Вдруг, юркая как змея, она шмыгнула в дыру у основания стены. Из дыры повыше этой с встревоженным видом вылез другой зверек и, взобравшись по стене, юркнул в расщелину. Я страшно возбудился – даже беглого взгляда мне хватило, чтобы узнать существо, которое я уже много месяцев мечтал выследить и поймать: садовая соня, возможно, один из самых красивых европейских грызунов. Вдвое меньше взрослой крысы, желтовато-коричневый мех, ярко-белые подштанники, длинный мохнатый хвост с полосатым черно-белым кончиком и черная меховая мордаха, этакая смешная пародия на маску, какую в давние времена, по рассказам, носили грабители.

Передо мной возникла дилемма. В стене прячутся два зверька, о которых я мечтал, причем один гонится за другим и у обоих ушки на макушке. Если моя атака провалится, я рискую остаться с пустыми руками. Я решил сначала заняться лаской: она будет поживее, а соня, если ее не беспокоить, пожалуй, никуда не уйдет из своей новой норки. По зрелому размышлению я предпочел рубашке сачок и, вооружившись им, начал с предельной осторожностью спускаться по склону, застывая всякий раз, когда ласка высовывала мордочку и озиралась. В конце концов я оказался, незамеченный, метрах в двух от стены. Сжав покрепче длинную рукоять сачка, я стал ждать, когда ласка выглянет из катакомб, которые она сейчас обследовала. Сделала она это столь внезапно, что застигла меня врасплох. Она присела и уставилась на меня с любопытством и без всякого страха. Только я собрался взмахнуть сачком, как, ломая кусты, с высунутыми языками и помахивающими хвостами, выскочили три мои собаки, так громко выражая свой восторг, словно мы не виделись много месяцев. Ласка испарилась. Секунду назад она застыла от ужаса при виде этого нашествия – и вот уже исчезла. Я с горечью отчитал собак и прогнал их наверх, где они улеглись в тени, обиженные и озадаченные моим дурным нравом. А я приготовился ловить соню.
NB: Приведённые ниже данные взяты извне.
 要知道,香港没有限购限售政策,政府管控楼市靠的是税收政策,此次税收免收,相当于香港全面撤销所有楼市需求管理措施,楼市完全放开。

Со временем строительный раствор был размыт дождями и выкрошился, и теперь кладка больше напоминала череду каменных простенков. Со всеми сообщающимися тоннелями и пещерками, она представляла собой идеальное укрытие для маленького зверька. Единственным реальным способом его отловить было разобрать стену по кусочкам, чем я прилежно и занялся. Я вынул значительную часть кладки, но не нашел ничего интереснее, чем парочка негодующих скорпионов, несколько мокриц да юный геккон, который ускользнул, оставив свой хвост. Через час, изнемогая от жары и жажды, я взял передышку и присел в тени еще не до конца разобранной стены.
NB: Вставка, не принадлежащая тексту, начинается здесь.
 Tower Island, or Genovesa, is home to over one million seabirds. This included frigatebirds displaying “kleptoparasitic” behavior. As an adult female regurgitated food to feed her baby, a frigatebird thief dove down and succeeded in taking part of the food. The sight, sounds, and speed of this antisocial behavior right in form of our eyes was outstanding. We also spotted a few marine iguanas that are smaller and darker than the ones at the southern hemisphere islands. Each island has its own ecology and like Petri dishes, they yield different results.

Я как раз обдумывал, сколько еще времени у меня уйдет на то, чтобы полностью разобрать стену, когда из дыры в метре от меня показалась голова сони. Она вскарабкалась на самый верх, как несколько погрузневший альпинист, и, усевшись на толстенький зад, принялась с особой тщательностью умывать мордочку, полностью меня игнорируя. Я не верил своей удаче. Незаметно, с предельной осторожностью я завел сачок над целью, зафиксировал в нужной точке и резко опустил. Все бы сработало, если бы верх стены был плоским, но увы. Когда я прижал сачок, остался просвет, через который соня, придя в себя после секундной паники, к моему крайнему неудовольствию и огорчению, улизнула, после чего промчалась по стене и юркнула в другую расщелину. Которая, впрочем, оказалась тупиковой, и, прежде чем соня успела осознать свою ошибку, я накрыл вход сачком.

Далее надо было выудить ее оттуда и пересадить в сумку, не дав себя при этом укусить. Задачка оказалась не из легких, зверек успел-таки вонзить свои острые зубки в подушечку моего большого пальца, и в результате я, носовой платок и соня были щедро забрызганы кровью. Зато мне удалось ее пленить, и в восторге от своего успеха я взгромоздился на Салли и с триумфом поехал домой вместе с добычей.

По приезде на виллу я поднялся к себе и поместил соню в клетку, в которой еще недавно обитал черный крысенок. Его постигла незавидная участь в когтях моего совенка-сплюшки Улисса, полагавшего, что все грызуны созданы милосердным Провидением исключительно для наполнения его желудка. Вот почему я предпринял все меры, чтобы мою бесценную соню не постигла та же участь. После того как она оказалась в клетке, я получил возможность рассмотреть ее поближе. Выяснилось, что это самка с подозрительно большим животиком, из чего я заключил, что она, вероятно, беременная. После некоторых раздумий я назвал ее Эсмеральдой (я как раз читал «Собор Парижской Богоматери» и страшно полюбил героиню) и приготовил картонную коробку с ватой и сухой травой для нее и будущего потомства.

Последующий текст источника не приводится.